- [Assignment] Type out the listing below exactly. Pictures stay out of it.

- [Provided material]
>>

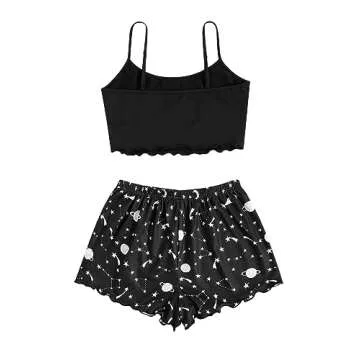 SOLY HUX Women's Cartoon Print Lettuce Trim Cami Top and Shorts Cute Pajama Set Sleepwear Black Star Moon M
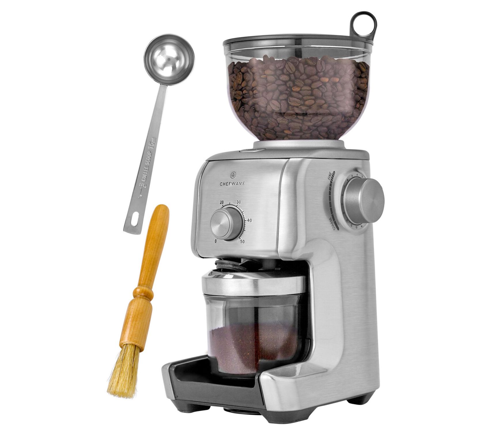 • Includes grinder, 14-oz bean container, 5-oz bean container, metal scoop, and wooden brush
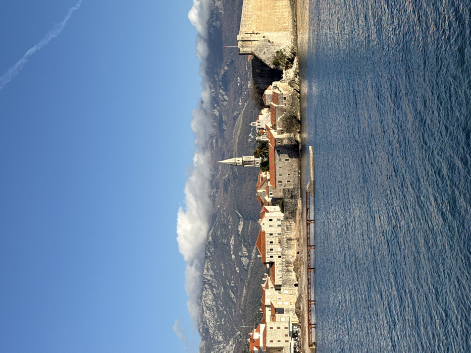 - "The image displays a panoramic view of the Old Town of Budva, Montenegro, situated on a peninsula jutting into the Adriatic Sea, with mountainous terrain in the background" by FM-WaFkX2, licensed under CC BY 4.0

<<

- [Response]
 SOLY HUX Women's Cartoon Print Lettuce Trim Cami Top and Shorts Cute Pajama Set Sleepwear Black Star Moon M
 • Includes grinder, 14-oz bean container, 5-oz bean container, metal scoop, and wooden brush
 - "The image displays a panoramic view of the Old Town of Budva, Montenegro, situated on a peninsula jutting into the Adriatic Sea, with mountainous terrain in the background" by FM-WaFkX2, licensed under CC BY 4.0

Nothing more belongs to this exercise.